After only a few miles, we all realized that we couldn’t stand being entombed in the top-up Vauxhall again, so we stopped the car in the middle of the empty, blindingly white road—our two tracks behind us disappearing over the last pass like black railroad tracks in a domed white world—and we deconstructed the ragtop’s rag top, storing pop-off windows, canvas sides, and the rest on the floor next to J.C.’s huge bags riding next to me.

We’d each pulled on our five layers of wool, then the personal-use eiderdown balloon-fabric parkas we’d brought back in our Gladstone bags from Mr. Finch’s Zurich, and finally the Shackleton-Burberry anoraks. J.C. and I also donned our leather flying or motorcycle helmets and face masks, complete with Crooke’s glass antiglare goggles.

I wish to this day that someone had been there to take a photo of us as we passed by all that Mount Snowdon–area emptiness. We must have looked like Mr.

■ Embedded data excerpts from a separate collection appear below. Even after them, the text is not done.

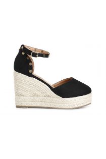 Microfibre sandals on 10.5 cm rope wedge and 3.5 cm platform. ankle strap. leather insole. shoe closed at the front and back. golden studs on the top and on the strap.
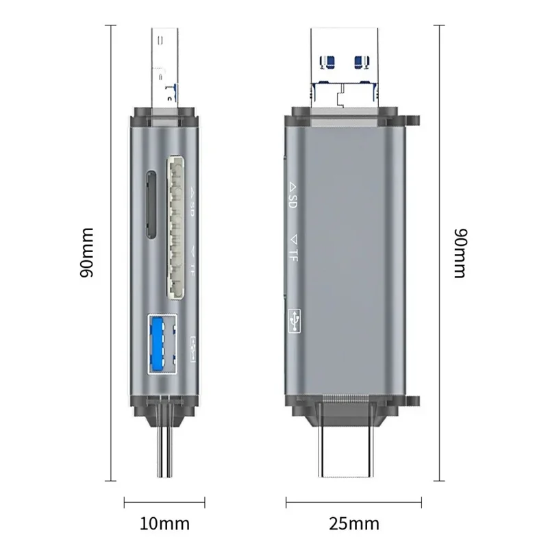 iCare ADS-306 Universal 6-in-1 USB / 8-Pin/Type-C Card Reader Adapter, SD TF Card Reader with U-Disk Support, USB 3.0 & 2.0 High-Speed Data Transfer for iPhone, Android, Tablet, Laptop
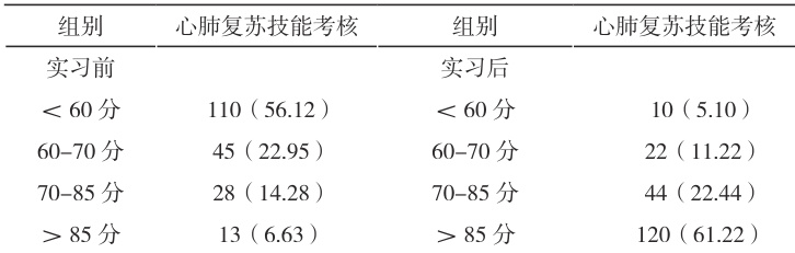 表2 高职护理专业实习生心肺复苏技能考核情况 [n,%

Wells’s Martian invaders.

But it turned out that our destination—Jean-Claude’s secret destination—was not the frequently-climbed-in-winter Mount Snowdon or George Mallory’s Pen-y-Pass slabs where we’d rock-climbed the previous autumn; our destination, reached mid-morning that January Sunday, was the lake Llyn Idwal and its surrounding moraines, roches moutonnées (Jean-Claude’s description but familiar to me from our many alpine climbs during the previous year), brilliant striations in the cliff sides, wild moraines and scree slopes, erratics (boulders brought there by long-gone glaciers and left sitting on the rocky flatlands like huge hurling stones forgotten by a race of giants), and exposed deep-rock strata on vertical faces and slabs and slopes everywhere around us. The Llyn—the lake, frozen then—was surrounded by hard-rock verticality. J.C. pointed out the high peaks of Y Glyder Fawr and Y Garn as we got out of the car and stretched our legs in the snow. Jean-Claude and I were wearing waxed-cotton gaiters to keep our high socks dry. The Deacon, also in knickerbockers, wore old-fashioned puttees—though of the finest cashmere—and looked like the rather fussy-looking British climbers in the photos of the ’21, ’22, and ’24 Everest expeditions. Also, with his khaki knickerbockers and khaki wool shirt visible through the opening of his unbuttoned balloon coat, the Deacon looked like the military man—Captain—he’d been during the Great War.